Segment Start: The data
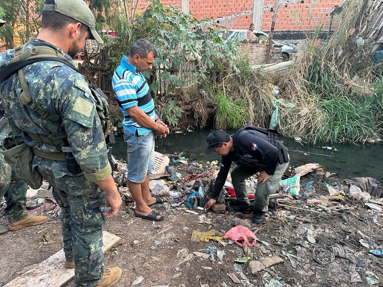 En el patio trasero de la casa, en las cercanías de un arroyo, se encontró un frasco que contenía un total de 39 dosis de crack listas para su comercialización.
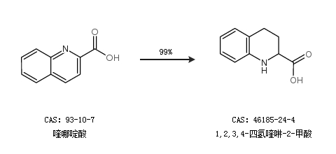 1.通过喹哪啶酸合成1,2,3,4-四氢喹啉-2-甲酸,收率约99%;
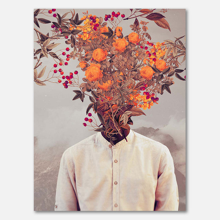 Deze prachtige wanddecoratie combineert op unieke wijze een creatief portret met een prachtige bloemenexplosie, waardoor een opvallende digitale collage ontstaat. De warme herfstkleuren en botanische elementen geven een gevoel van nostalgie en elegantie, terwijl het surrealistische karakter perfect past bij retro en moderne interieurs. Voeg met dit kunstwerk een vleugje luxe, creativiteit en gratie toe aan je woonkamer of kantoor.
Segment End: The data
Leave the pictures out and set down the rest of the listing above exactly.

 En el patio trasero de la casa, en las cercanías de un arroyo, se encontró un frasco que contenía un total de 39 dosis de crack listas para su comercialización.
 1.通过喹哪啶酸合成1,2,3,4-四氢喹啉-2-甲酸,收率约99%;
 Deze prachtige wanddecoratie combineert op unieke wijze een creatief portret met een prachtige bloemenexplosie, waardoor een opvallende digitale collage ontstaat. De warme herfstkleuren en botanische elementen geven een gevoel van nostalgie en elegantie, terwijl het surrealistische karakter perfect past bij retro en moderne interieurs. Voeg met dit kunstwerk een vleugje luxe, creativiteit en gratie toe aan je woonkamer of kantoor.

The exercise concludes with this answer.